Knight’s Troubles = ETF Trading Woes

August 02, 2012

The Knight fiasco should teach us at least one thing: Be careful trading less liquid ETFs.

Knight Capital Group’s recent hiccups in market making are causing significant issues for ETF traders, particularly in less liquid ETFs.

In the two days prior to Knight’s “algo” troubles, the average spread at 12 noon Eastern time for an ETF that normally trades less than 50,000 shares a day was 56 basis points. Since the Knight kerfuffle, the average spread has been nearly double that: 94 basis points.

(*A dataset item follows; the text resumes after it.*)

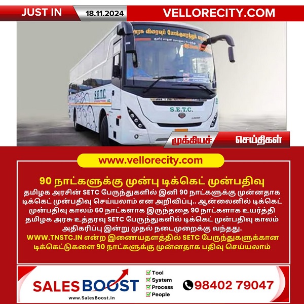 தமிழக அரசின் SETC பேருந்துகளில் இனி 90 நாட்களுக்கு முன்னதாக டிக்கெட் முன்பதிவு செய்யலாம் என அறிவித்துள்ளது. ஆன்லைனில் டிக்கெட் முன்பதிவு காலம் 60 நாட்களாக இருந்ததை 90 நாட்களாக உயர்த்தி தமிழக அரசு உத்தரவு SETC பேருந்துகளில் டிக்கெட் முன்பதிவு காலம் அதிகரிப்பு இன்று முதல் நடைமுறைக்கு வந்தது. WWW.TNSTC.IN என்ற இணையதளத்தில் SETC பேருந்துகளுக்கான டிக்கெட்டுகளை 90 நாட்களுக்கு முன்னதாக பதிவு செய்யலாம்.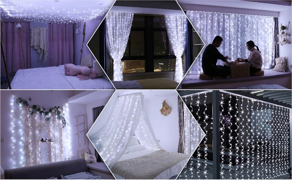 - высококачественный мягкий струнный свет】 : 300 одиночных светодиодов, 10 м x 22 м. Шторы оснащены дополнительным 5 -метровым кабелем длиной. 3 м Основной шнур и 10 строк включены в набор. ST -образные медные проволочные строки являются долговечными и гибкими, естественным образом вешайте и отрегулируют желаемую высоту. Нет ограничений для вашего воображения, сделайте какую -либо форму, которую вы хотите. Наслаждайтесь сказочным миром (занавес не попадает в объем доставки).

But it gets worse. For those low-liquidity ETFs for which Knight is the lead market maker on the NYSE, spreads have ballooned from 0.49 percent on average to a whopping 1.53 percent.



This didn’t happen at all for ETFs that trade more than 50,000 shares per day. In those cases, spreads widened by just 1 basis point, from 0.12 percent to 0.13 percent, and even the impact on the funds Knight makes markets in was minimal.

What does this mean for investors? It means if ever there were a time to tread carefully into illiquid ETFs, now’s that time.

Knight is the largest player in this corner of the market, providing liquidity as the lead market maker (LMM) for some 150 low-volume ETFs. LMMs make a commitment to the New York Stock Exchange to maintain constant quoting on ETFs, and in many of these less liquid ETFs, the LMM will be the only market maker quoting on a regular basis.

A spot check of Level 2 screens throughout the past two days showed Knight sitting well off the already-wide bid/ask spreads on many of these ETFs, implying that its market-making desk has had other things to worry about then, well, actually making markets in these small ETFs. And as it stepped away—or decided to take on less risk—the spreads widened.

For the more liquid ETFs, the market stepped in and provided liquidity perfectly, thank you very much.

It’s worth noting that not every ETF even has an LMM—our analysis only covered some 900 ETFs with LMM designation on the NYSE for which we had viable data. It’s also worth noting that this is an entirely anecdotal snapshot. Spreads change literally by the tick, and “average spreads” are open to a lot of definitional arguments and interpretations, especially in illiquid securities.

But until this blows over, tread very carefully in small ETFs. There’s a bit of a gap in the market right now, and the spreads remain very wide for smaller ETFs.